Image quality is measured by Frechet Inception Distance (FID) and sample diversity is measured by Recall; as with DDGAN, FID and Recall are computed for 50,000 generated samples. Estimation speed is measured by average inference time over 300 trials with a batch size of 100. In addition, inference time for high resolution images such as CelebA-HQ 512 x 512 is calculated from batches of 25 samples.

Experimental results

Figure 4: Example of generation at Celeba-HQ

Comparison results with typical generative models such as VAE, GAN, and diffusion models for each dataset are shown in Tables 1, 2 and 3 Compared toVAE' s SOTA,or strongest model, the proposed method significantly outperformed all evaluation metrics. In particular,FID, whichrepresents image quality, was more than four times higher thanVAE.

Compared toGAN'sSOTA, the estimation speed is at about the same level and the image quality is also higher. With respect to diversity, it is 10% higher thanGAN in all cases.
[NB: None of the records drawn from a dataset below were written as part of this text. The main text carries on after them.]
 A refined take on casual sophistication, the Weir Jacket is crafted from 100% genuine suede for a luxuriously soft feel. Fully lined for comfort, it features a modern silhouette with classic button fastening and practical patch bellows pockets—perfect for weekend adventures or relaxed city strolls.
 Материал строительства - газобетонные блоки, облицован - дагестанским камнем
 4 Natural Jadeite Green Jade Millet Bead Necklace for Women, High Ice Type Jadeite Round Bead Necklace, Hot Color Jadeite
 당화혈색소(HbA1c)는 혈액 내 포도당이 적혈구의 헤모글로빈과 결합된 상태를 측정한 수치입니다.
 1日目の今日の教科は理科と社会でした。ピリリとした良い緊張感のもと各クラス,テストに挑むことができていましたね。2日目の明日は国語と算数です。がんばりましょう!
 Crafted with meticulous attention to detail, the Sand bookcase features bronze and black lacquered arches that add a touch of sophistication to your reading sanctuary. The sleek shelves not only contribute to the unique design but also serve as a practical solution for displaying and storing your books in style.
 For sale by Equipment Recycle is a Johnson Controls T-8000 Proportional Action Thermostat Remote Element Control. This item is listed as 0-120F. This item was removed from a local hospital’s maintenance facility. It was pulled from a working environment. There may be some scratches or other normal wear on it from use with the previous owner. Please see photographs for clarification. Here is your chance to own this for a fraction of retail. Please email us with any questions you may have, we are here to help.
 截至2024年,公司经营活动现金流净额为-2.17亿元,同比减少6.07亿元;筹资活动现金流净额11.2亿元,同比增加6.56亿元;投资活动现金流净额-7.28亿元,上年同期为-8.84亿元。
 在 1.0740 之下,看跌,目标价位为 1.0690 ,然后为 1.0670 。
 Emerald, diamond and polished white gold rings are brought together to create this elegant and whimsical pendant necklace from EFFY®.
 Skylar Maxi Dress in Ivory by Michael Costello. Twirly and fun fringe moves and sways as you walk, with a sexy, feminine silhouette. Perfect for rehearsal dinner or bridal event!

Compared to the Diffusion modeland DDGAN, the proposed methodachieved the highest estimation speed among theDiffusionmodels. In particular, it is more than 500 times faster than SOTA for Diffusion. Image quality and diversity are also top-ranked, in some cases1~2points higher thanSOTA for diffusion models. It also outperformed the prior study,DDGAN, on all evaluation metrics.

Effectiveness of generators incorporating wavelets

The effect of each individual component of the proposed generator was tested on CelebA-HQ 256x256. Here, the full model includes residual connections, up-sampling, down-sampling blocks, and bottleneck blocks. As shown in Table 4, each component has a positive impact on the model performance. The best performance is achieved with 5.94 by applying all three proposed components. However, the improvement in performance comes at a slight cost in terms of estimation speed.

Table 4: Effects of generators incorporating wavelets.

Execution time for generating one image

Moreover, as expected in a real application, the proposed method in a single image shows excellent speed. Table 5 shows the time and key parameters. The proposed method is able to generate images up to 1024 x 1024 in only 0.1 second, which is the first diffusion model to achieve near real-time performance.

Figure 5.Estimation time for a single image generated using our full model for each benchmark set

Conclusion

We introduced a new diffusion model called Wavelet Diffusion, which shows excellent performance in both image quality and sampling rate. By incorporating wavelet transforms in both the image and feature space, the proposed method achieves state-of-the-art execution speed in diffusion models, closing the gap with SOTA in GANs and obtaining nearly comparable image generation quality compared to StyleGAN2 and other diffusion models. Furthermore, the proposed method provides faster convergence than the baseline DDGAN, confirming the efficiency of the proposed framework.